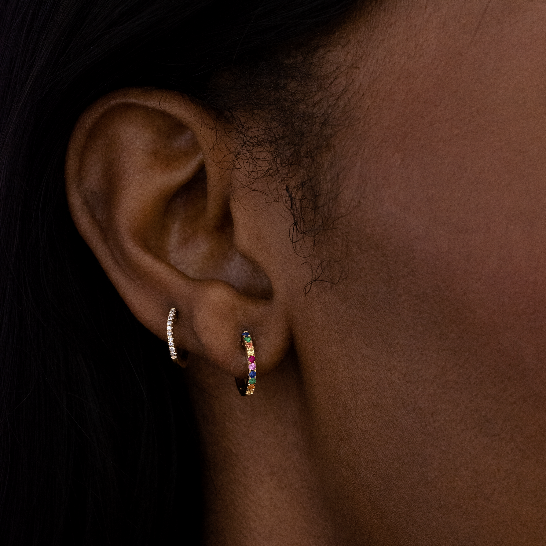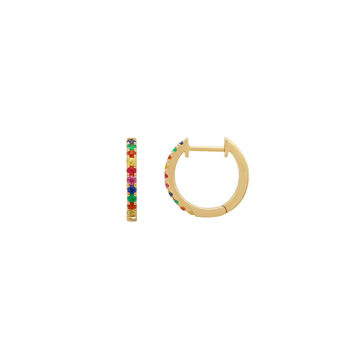 Spice up your classic diamond huggies with these Rainbow Multi Sapphire Huggie Earrings
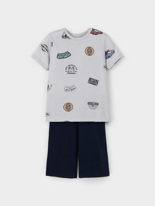Пижама для мальчика из натурального хлопка. Футболка с короткими втачными рукавами и шорты с эластичной резинкой в поясе. Оригинальная набивка выполнена из стойких текстильных гипоаллергенных красителей. Изделие сохраняет цвет и форму после многократных стирок. Все трикотажные полотна производятся в соответствии с нормами швейцарского сертификата ЭкоТекс.. Состав: 100% хлопок
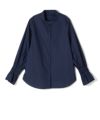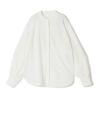 たっぷりとギャザーを入れたボリュームスリーブが印象的な長袖シャツ。
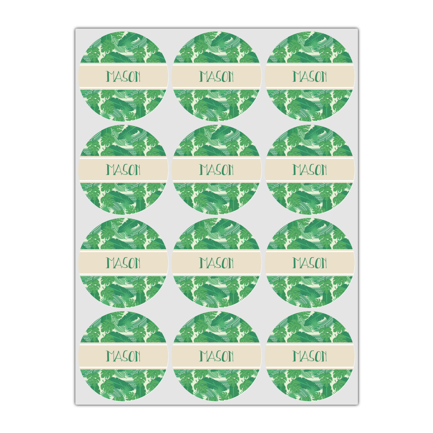 The main design has a cream background with bright green tropical leaves faces every which way. Through the middle of the design sits a cream ribbon, with your personalization on the ribbon itself. Several different kinds of tropical leaves are featured in this fun design.
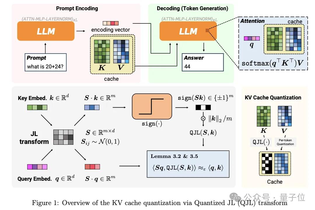 把高维数据投影后压缩成+1或-1的符号位,完全不需要额外内存。TurboQuant用它来消除PolarQuant压缩后残留的微小误差。
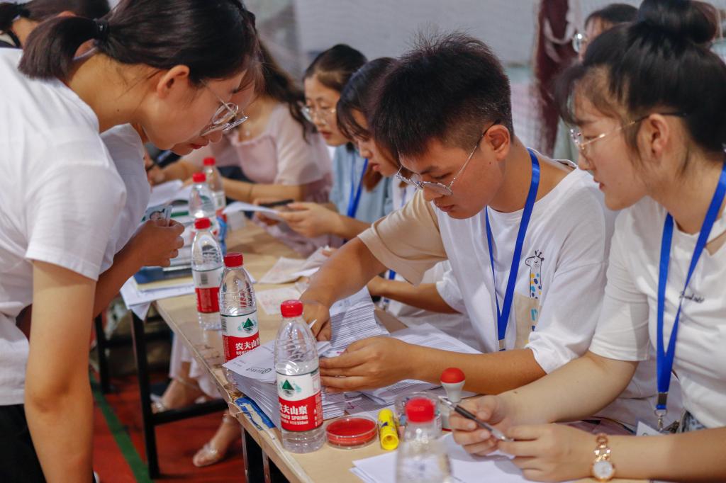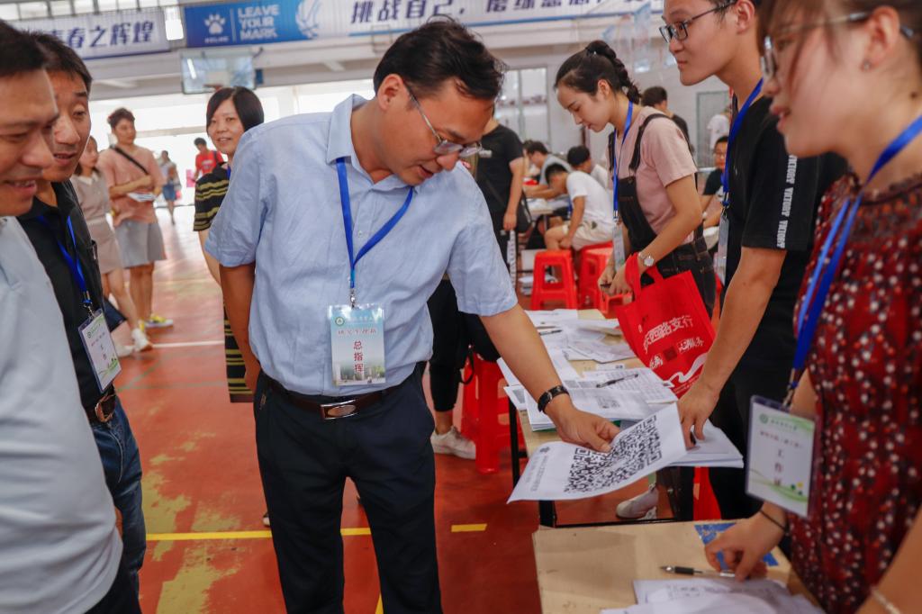 本网讯9月8日,2019级研究生迎新工作在校体育馆顺利进行,校党委常委、副校长操海群到迎新现场检查指导工作。
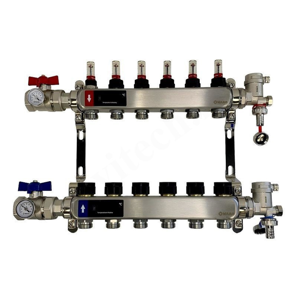 В комплекте: коллектор, воздухоотводчик, кран шаровой с манометром, крепление, упаковка
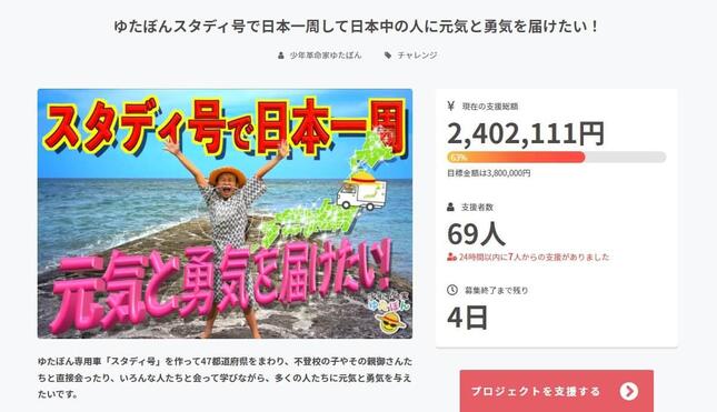 ゆたぼんさんが、2022年1月26日に公式YouTubeチャンネルに公開した動画で、自ら立ち上げたクラウドファンディングのプロジェクトに支援が集まらないことを嘆いた。
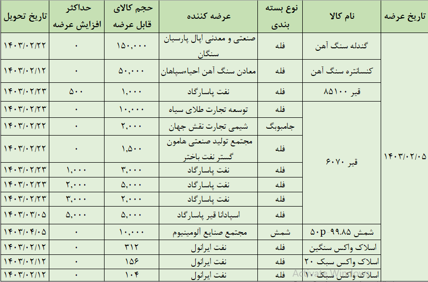 به گزارش کالاخبر ،به این ترتیب روز چهارشنبه در تالار صادراتی بورس کالای ایران ۱۵۰ تن گندله سنگ آهن،۵۰ هزار تن کنسانتره، ۲۹ هزار و ۵۰۰ تن قیر، ۱۰ هزارتن شمش آلومینیوم و ۵۷۲ تن اسلاک واکس عرضه می شود.
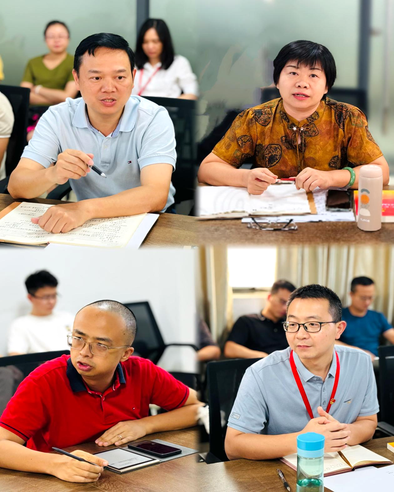 接下来是业务学习环节。首先由王在华老师分享了他成功申报国家自然科学基金项目的宝贵经验,他从申报书的编写技巧到方案可行性的关键要素,多角度全方位介绍了自己的心得和感悟,为参会教师提供了实用的指导。接下来,施丽华老师分享了她在校外实践基地申报方面的体会,特别是介绍了与广东邦普循环科技有限公司的合作历程,强调了前期的工作积累、业绩和资源的重要性。副院长卢东亮表示,各类业务工作,不是一蹴而就,需要多做尝试、多打磨,才有可能有突破。
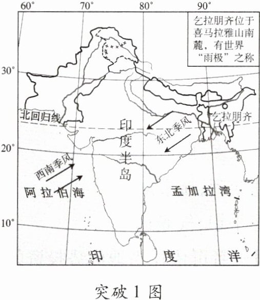 突破1 [2023.江西]下图为南亚局部地区略图,据此,完成1~3题。

============================================================

Leave out the pictures and print each record exactly as it stands.

**Result of this task:**
 Spice up your classic diamond huggies with these Rainbow Multi Sapphire Huggie Earrings
Пижама для мальчика из натурального хлопка. Футболка с короткими втачными рукавами и шорты с эластичной резинкой в поясе. Оригинальная набивка выполнена из стойких текстильных гипоаллергенных красителей. Изделие сохраняет цвет и форму после многократных стирок. Все трикотажные полотна производятся в соответствии с нормами швейцарского сертификата ЭкоТекс.. Состав: 100% хлопок
 たっぷりとギャザーを入れたボリュームスリーブが印象的な長袖シャツ。
 The main design has a cream background with bright green tropical leaves faces every which way. Through the middle of the design sits a cream ribbon, with your personalization on the ribbon itself. Several different kinds of tropical leaves are featured in this fun design.
 把高维数据投影后压缩成+1或-1的符号位,完全不需要额外内存。TurboQuant用它来消除PolarQuant压缩后残留的微小误差。
 本网讯9月8日,2019级研究生迎新工作在校体育馆顺利进行,校党委常委、副校长操海群到迎新现场检查指导工作。
 В комплекте: коллектор, воздухоотводчик, кран шаровой с манометром, крепление, упаковка
 ゆたぼんさんが、2022年1月26日に公式YouTubeチャンネルに公開した動画で、自ら立ち上げたクラウドファンディングのプロジェクトに支援が集まらないことを嘆いた。
 به گزارش کالاخبر ،به این ترتیب روز چهارشنبه در تالار صادراتی بورس کالای ایران ۱۵۰ تن گندله سنگ آهن،۵۰ هزار تن کنسانتره، ۲۹ هزار و ۵۰۰ تن قیر، ۱۰ هزارتن شمش آلومینیوم و ۵۷۲ تن اسلاک واکس عرضه می شود.
 接下来是业务学习环节。首先由王在华老师分享了他成功申报国家自然科学基金项目的宝贵经验,他从申报书的编写技巧到方案可行性的关键要素,多角度全方位介绍了自己的心得和感悟,为参会教师提供了实用的指导。接下来,施丽华老师分享了她在校外实践基地申报方面的体会,特别是介绍了与广东邦普循环科技有限公司的合作历程,强调了前期的工作积累、业绩和资源的重要性。副院长卢东亮表示,各类业务工作,不是一蹴而就,需要多做尝试、多打磨,才有可能有突破。
 突破1 [2023.江西]下图为南亚局部地区略图,据此,完成1~3题。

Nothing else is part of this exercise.